**What this task involves**:
Pictures must not appear in the copy. Set down exactly the line with "街中で走行する時の低速域では" and each line after it through the end of the data below.

(Source material begins)

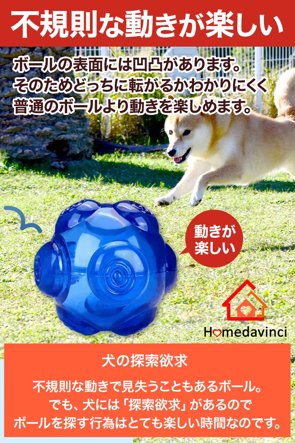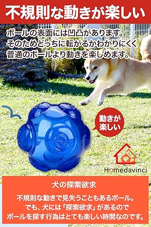 このボールの表面は凹凸があり、普通のボールと違ってどこに転がるかわからないので、そんな愛犬の探索欲求も満たしてくれます。
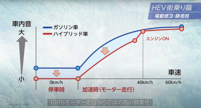 街中で走行する時の低速域では、エンジンを駆動せず充電したバッテリーだけで走行します。
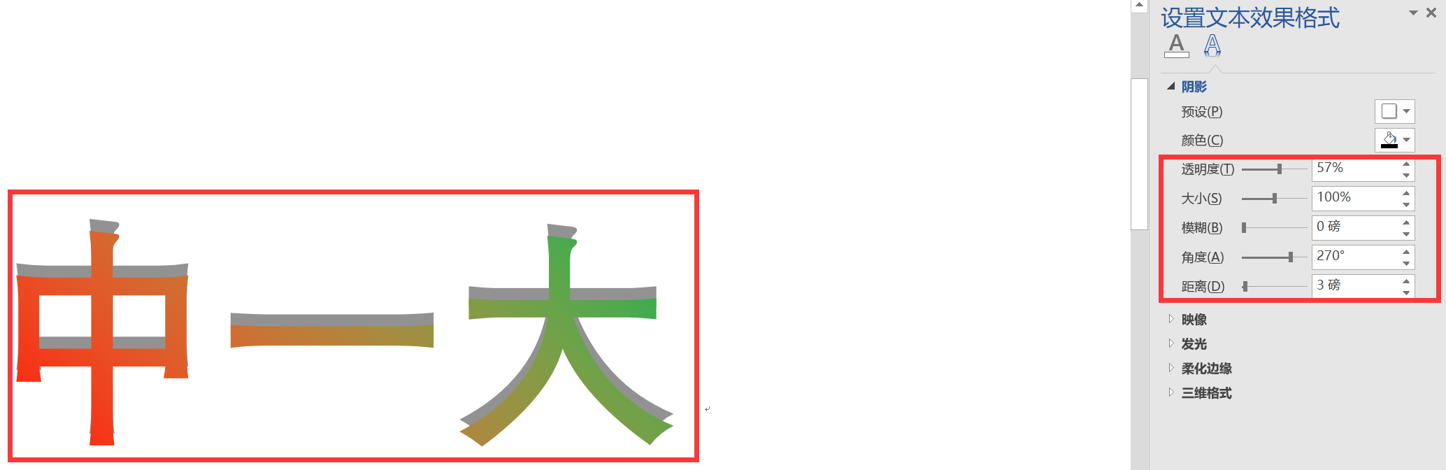 点击文本效果和版式->阴影,弹出设置文本效果格式,可以修改阴影下的所有字段,如下图:

(Source material ends)

**Result**:
 街中で走行する時の低速域では、エンジンを駆動せず充電したバッテリーだけで走行します。
 点击文本效果和版式->阴影,弹出设置文本效果格式,可以修改阴影下的所有字段,如下图:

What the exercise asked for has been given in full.